So much for the offensive weapons, the sword and the arrow. But the defensive armour demands our attention; for it has its use, no doubt, in the Messiah's war. His person, you will remember, is clad, in the third verse, "with refulgent, dazzling armour." This may be understood of whatever is admirable and amiable in the external form and appearance of the Christian religion. First, the character of Jesus himself; his piety toward God-his philanthropy toward man-his meekness, humility, ready forgiveness of injuries, patience, endurance of pain and death. Secondly, the same light of good works shining, in a less degree, in the lives of his disciples, particularly the apostles and blessed martyrs. Thirdly, whatever is decent and seemly in the government, the discipline, and the rites of the church. All these things, as they tend to

draw the admiration and conciliate the good-will of men, and mitigate the malice of the persecutor, are aptly represented under the image of the Messiah's defensive armour, and had a principal share in making "peoples fall under him."

It yet remains to be explained, what is meant, in the Psalmist's detail of the Messiah's war, by those "wonders" which "his own right hand was to show him:"

"Thy own right hand shall show thee wonders."

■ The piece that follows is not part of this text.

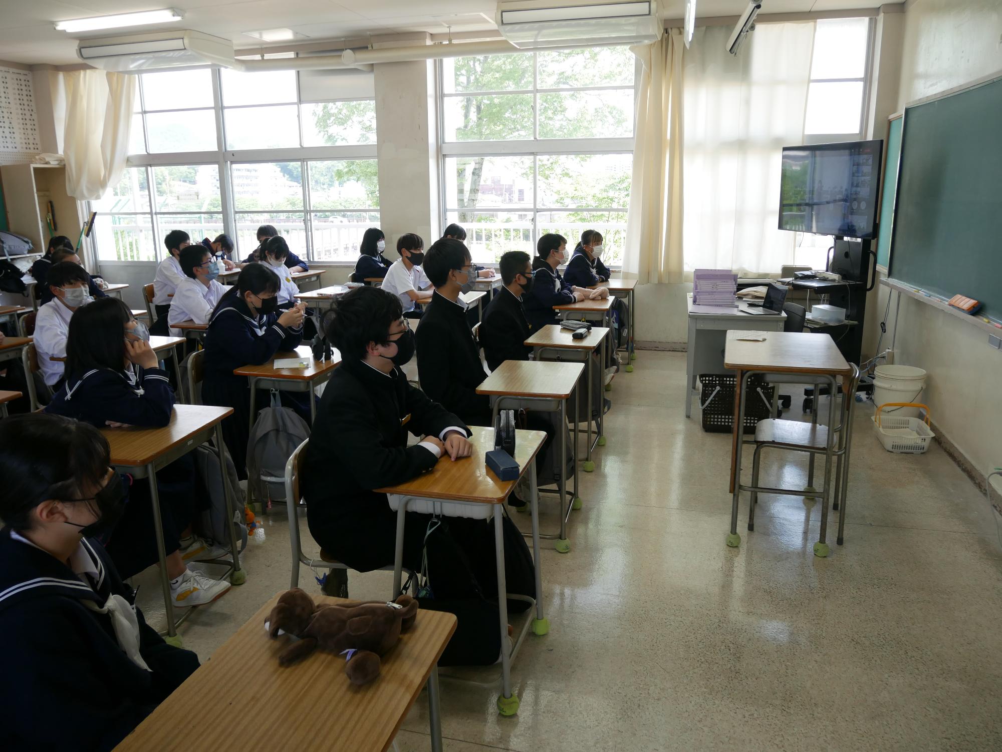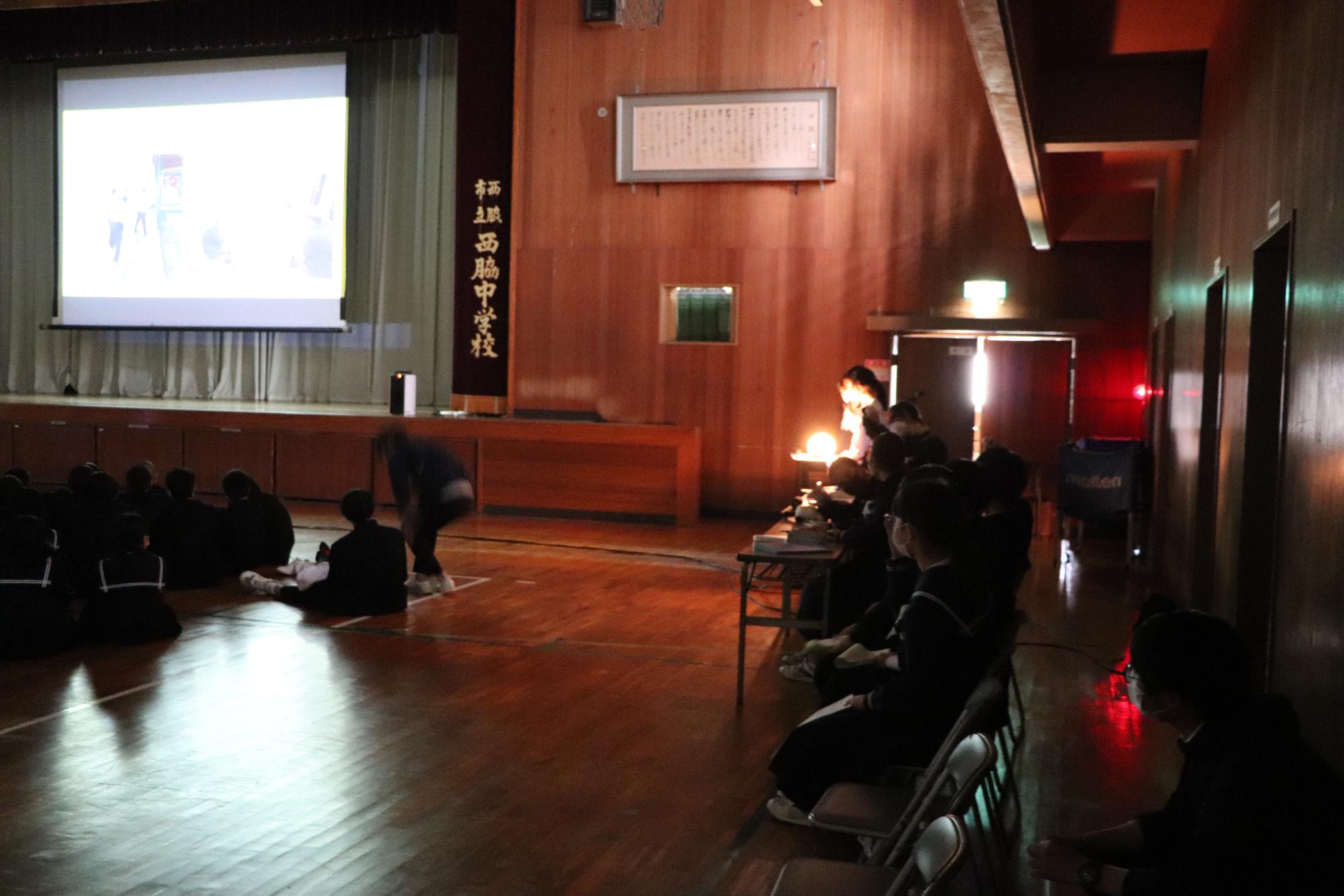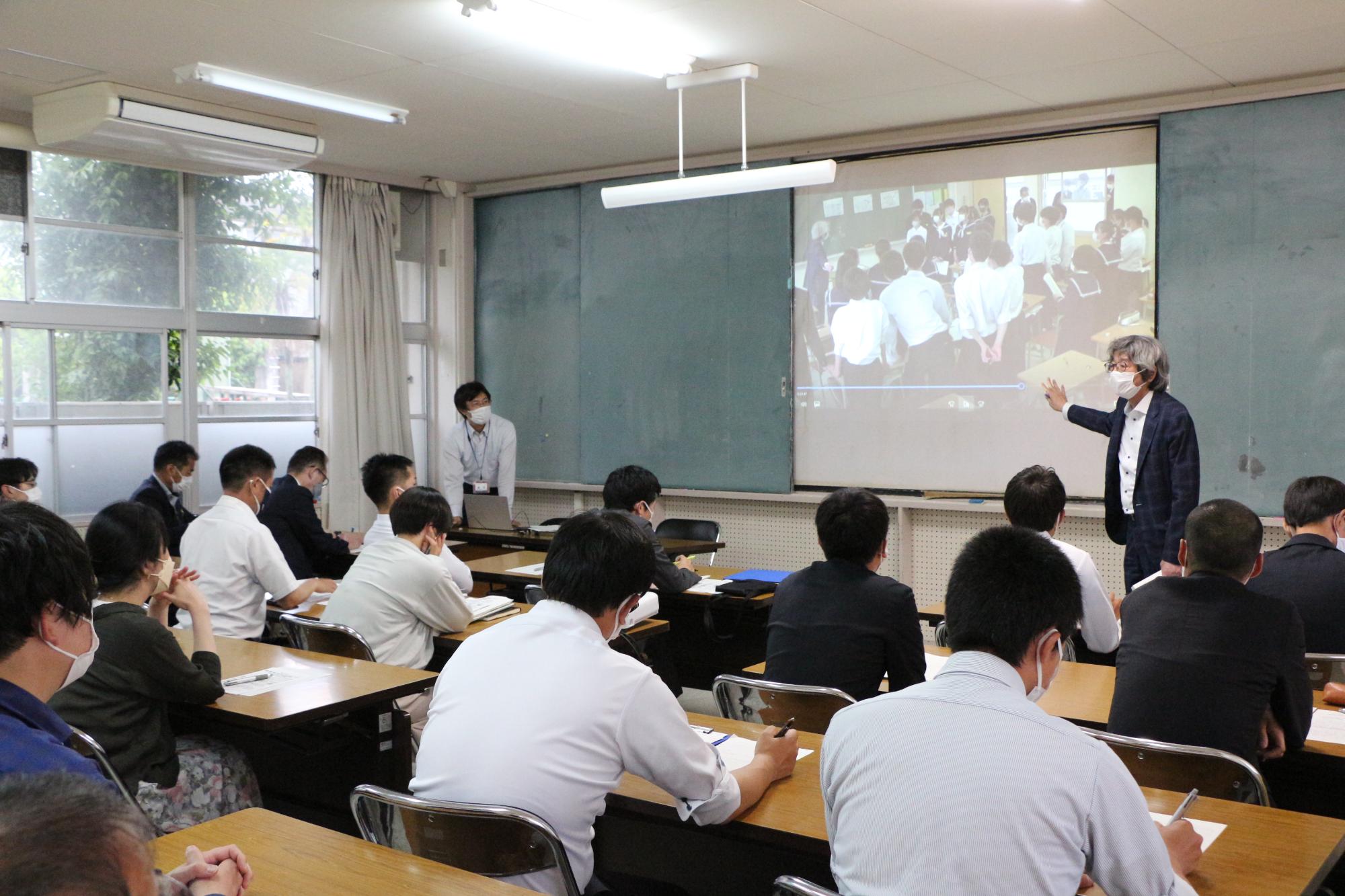 教室で「池田小の避難訓練」の動画を見た後、

Our public translation has it "terrible things." But the notion of terror is not of necessity included in the sense of the original word, as it is used by the sacred writers: it is sometimes, indeed, applied by them to frightful things; but it is also applied, with great latitude, to things extraordinary in their kind,-grand, admirable, amazing, awful,—although they should not be frightful. We have no right, therefore, to take it in the strict sense of "frightful," unless something in the context points to that meaning, which is not the case in this passage. And, accordingly instead of " terrible," we find in some of the oldest English Bibles, the better chosen word "wonderful.”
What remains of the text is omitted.